Major League Soccer Commissioner Don Garber’s annual state of the league address and question-and-answer session with reporters on Tuesday dealt with all the topics that have become typical in 2020, such as coping with financial losses because of COVID-19 and what affect it will have on next season.
There was one topic that clearly boosted his spirits.
“I’m smiling now,” he said on a Zoom call with reporters when asked about the progress of St. Louis City SC in its first months of existence. “Even in the darkness there is light.”
The franchise is just over a year old and City won’t begin play until 2023, a start date pushed back one year by COVID, but the team’s ticket sales and first big hire, technical director Lutz Pfannenstiel, have been more than encouraging.
“One of the bright lights this year was all the progress in St. Louis and my discussions with Andy Taylor and Carolyn (Kindle Betz), and they are so optimistic about MLS and so passionate about the city of St. Louis,” Garber said. “Their brand launch was spectacular, (it’s a) terrific logo, they have done an enormous amount of work both on and off the field. Hiring Lutz as their sporting director was bold and I think will give them the positioning of one of those clubs that’s going to have a European way of going about how they are developing players, and you’ll probably see that in some of the players they ultimately sign.”
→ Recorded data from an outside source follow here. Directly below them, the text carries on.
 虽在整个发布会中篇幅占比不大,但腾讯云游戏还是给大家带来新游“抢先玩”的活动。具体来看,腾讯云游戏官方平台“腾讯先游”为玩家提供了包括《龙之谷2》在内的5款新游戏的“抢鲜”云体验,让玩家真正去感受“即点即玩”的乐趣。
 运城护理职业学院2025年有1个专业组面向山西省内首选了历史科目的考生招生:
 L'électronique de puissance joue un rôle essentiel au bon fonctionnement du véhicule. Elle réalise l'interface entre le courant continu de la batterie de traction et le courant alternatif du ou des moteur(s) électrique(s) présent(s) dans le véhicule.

Ultimately, what gets the league office’s attention is generating revenue, and the team is doing that even though they have yet to sell a ticket.
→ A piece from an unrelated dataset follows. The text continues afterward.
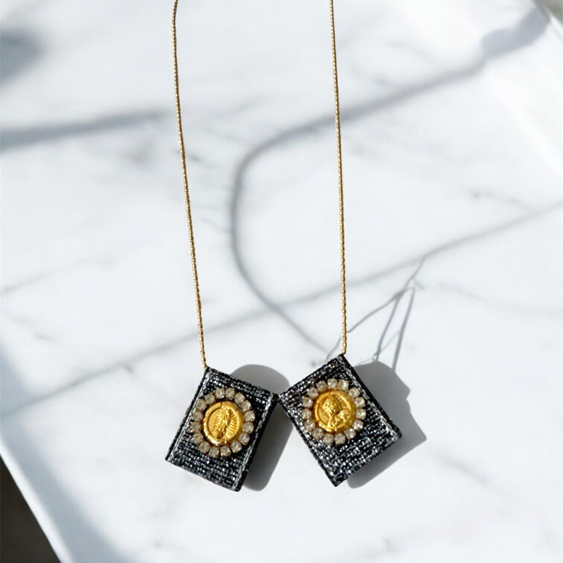 Elevate your spiritual style with our timeless piece, this necklace offers both protection and sophistication. The medals are delicately set on luxurious linen fabric, adorned with mini crystals for a touch of brilliance. Available in a variety of tones, including Shimmering Linen, Navy Blue, Silver and Gold to match your personal style.
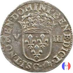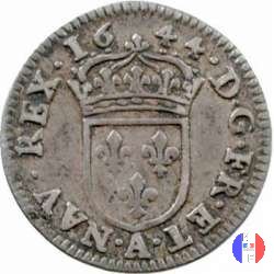 15 denari ai 2 L coronati Dritto: ↻ LVD.XIII.FR.ET.NAV.REX.(anno) Due L accostate sotto una corona con tre gigli posti due su uno. Verso: ↻ PIECE.DE.XV.DENIERS. Croce con tre bisanti posti all'estremità di ciascun braccio , cantonata da quattro gigli divergenti dal centro. Segno di zecca all'esergo. | |

“It’s crazy,” Garber said. “Thirty thousand season-ticket deposits in 15 minutes. I don’t know how that computer could handle that many requests in that short a time. They have 50,000 seats reserved in one day, in 24 hours, and now they’re working to convert all those (to sales). I saw a few days ago their latest renditions for the stadium and the whole project, going from the Gateway (Arch) all the way up the big boulevard. It’s going to be fantastic. Carolyn and her group are very involved in different committees, and Andy and Carolyn attend board meetings; this is going to be fun. It’s going to be great for St. Louis, a long time coming.”
Garber closed his thoughts on St. Louis with the story of the time he ran into Yogi Berra, the Hall of Fame catcher for the New York Yankees and native of The Hill in St. Louis. They were in Montclair, N.J., where both lived.
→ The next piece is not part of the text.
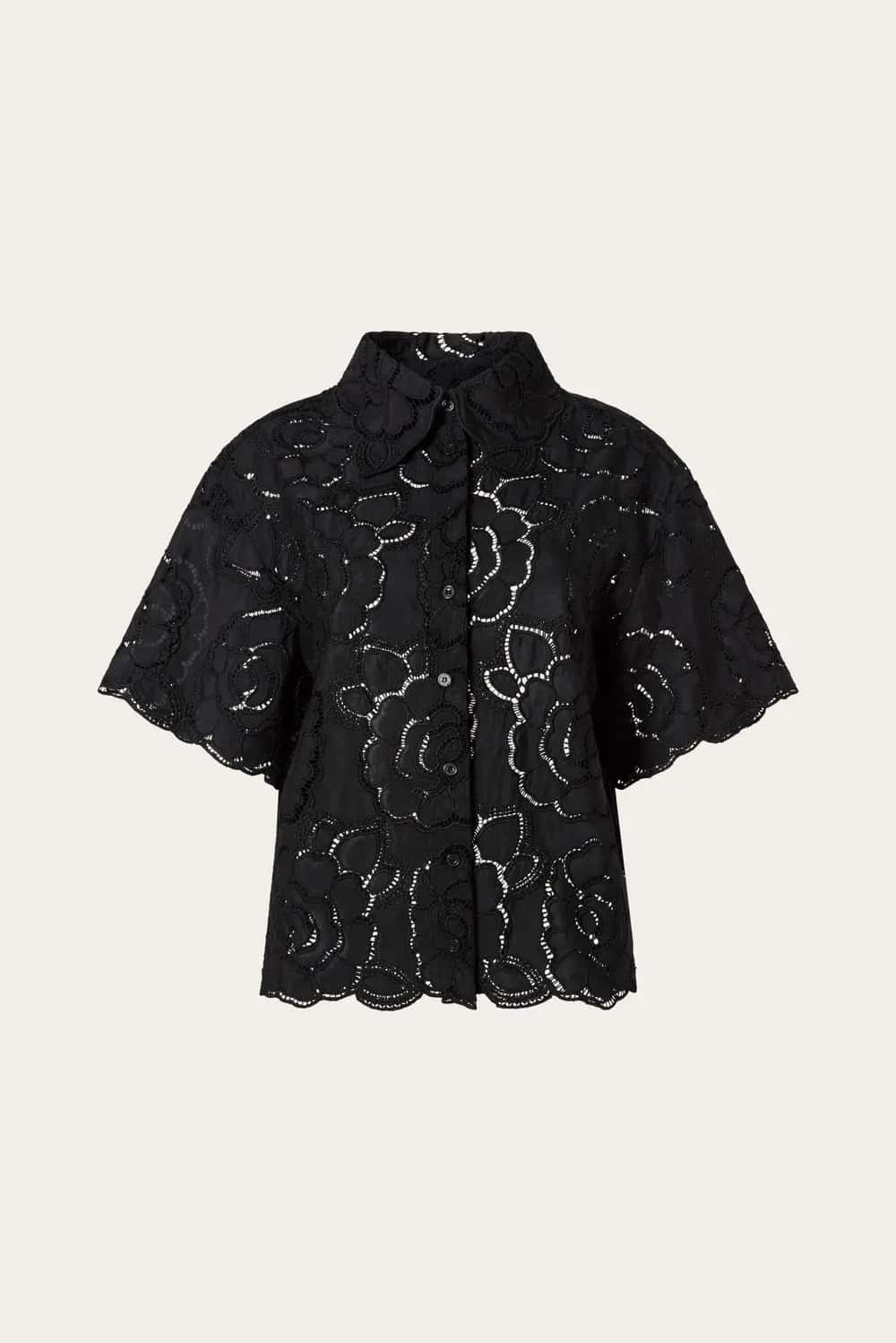 MALINA Claudia Short Sleeve Lace Shirt Black

“I once bumped into him in a local deli,” Garber said, “and I said, ‘Yogi, I just heard about this movie, The Game of Their Lives, about the 1950 World Cup team primarily with players from The Hill.’ I said, ‘Yogi, did you know any of those guys,’ and Yogi wasn’t that old, but he said to me, ‘Don, I was a better soccer player than I was a baseball player.’ So I know there’s great, great history in the city of St. Louis. A lot of good things are going to come out of that city.”